Ørsted, the world’s biggest offshore wind developer, has blamed the lack of ships for the decision to abandon its 2.2 gigawatt (GW) Ocean Wind development off the coast of New Jersey.
In a conference call a day after the company revealed it was dumping the project on the US East Coast, Ørsted CEO Mads Nipper said that vessel delays would have forced the company to re-contract the majority of the project at vastly higher prices, Reuters reports.
Higher interest rates and the inability convince the state to give it the amount of tax credits Ørsted wanted also played a role.
The company says the cancellation of Ocean Winds I and II will contribute to some 39.4 billion Danish crowns ($A8.7 billion) in related impairments.
However, Ørsted is still moving ahead with building the 704 MW Revolution Wind offshore from Rhode Island.
But it’s not the only company cancelling projects in the US, a country with notoriously tricky local-content rules.
Iberdrola-owned Avangrid paid $US16 million ($A25 million) in October to get out of contracts for a New England offshore wind farm, citing supply chain issues driving up costs and higher interest rates making financing more difficult.
And in August SouthCoast Wind, a joint venture between offshore wind specialist Ocean Winds and oil giant Shell paid a $60 million fine to exit power purchase agreements in order to dump its 1.2GW SouthCoast Wind 1 offshore wind project.
Part of the problem is the Jones Act, legislation that requires ships to be built in the US and be staffed by US employees. It means that the few vessels currently under construction are late and over budget, and is holding up the US offshore wind industry because projects there can’t bring in existing ships and must pay over the odds for locally-made versions.
However, there is also help on hand for offshore wind developers: the federal Inflation Reduction Act promises a 10 per cent investment tax credit if the local part of construction meets its guidelines, another 20 per cent for projects starting by 2024, and increasing to 35 per cent, 45 per cent, and 55 per cent for those starting each year after. This is on top of state tax incentives.
And if construction costs bounce by 25 or more because of the local content rules, the Treasury will hand over a subsidy to help.
In Australia, the nascent industry is urging governments not to impose strict local content quotas for this reason, claiming that constricted supply chains will force companies to build more domestically rather than buy everything in from overseas.
However, given the challenges companies operating in other industries are facing, such as electric vehicle (EV) charger maker Tritium which has been urged to shift to the US, promises of a new home-grown industry without any legislated requirement may be more of a utopia than companies like to admit.
In Australia, where the very first licences are due to be announced in the next few months, the situation is different: projects are going into the planning and building process with higher prices factored in from the start.
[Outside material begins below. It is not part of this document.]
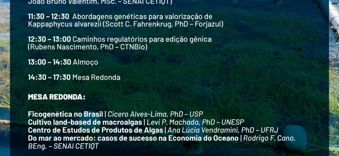 Dia 12 de abril às 10:30h, o SENAI CETIQT e parceiros irão realizar o encontro presencial "Valorização de Algas Marinhas com Biologia Sintética" na UFRJ - Universidade Federal do Rio de Janeiro. O objetivo do evento é discutir os aspectos científicos, tecnológicos e de inovação relacionado com as algas marinhas, envolvendo genética, cultivo, regulação, mercado, entre muitos outros tópicos relevantes. Local: Centro de Tecnologia da UFRJ, Cidade Universitária, Ilha do Fundão, Rio de Janeiro/RJ Interessados entrar em contato: comunicacao@cetiqt.senai.br

“The more developed markets of offshore wind have prices for power generated locked in from previous years, which don’t take into account the surge in costs felt by the sector more recently,” says Carolyn Sanders, head of operations at Flotation Energy which has an application in for the Gippsland offshore zone for the 1.5GW Seadragon Offshore Wind Project.
“There are certainly challenges but these can be overcome and we expect that as the industry establishes we will see that prices will come down.”
As companies struggle to make offshore wind projects work in the US, the rest of the world is struggling against the US Inflation Reduction Act and its huge financial support for all kinds of clean energy, and countries with national targets such as the UK’s 50 GW goal.
It means that for countries like Australia, governments must get involved in order to ensure that projects can access the equipment they need to get the first offshore wind projects underway, Sanders says.
“Original equipment manufacturers and vessel owners are very focussed on northern hemisphere markets, and some are still evaluating whether they’ll even bother entering the Australian market,” she told RenewEconomy.
“Australia can show it is serious about its commitment to this nascent industry by setting clear targets as the UK has done.
“Industry will need to work together to create Australia’s first offshore wind area. Competition is important, but so too is co-operation, especially as we work through supply chain challenges.”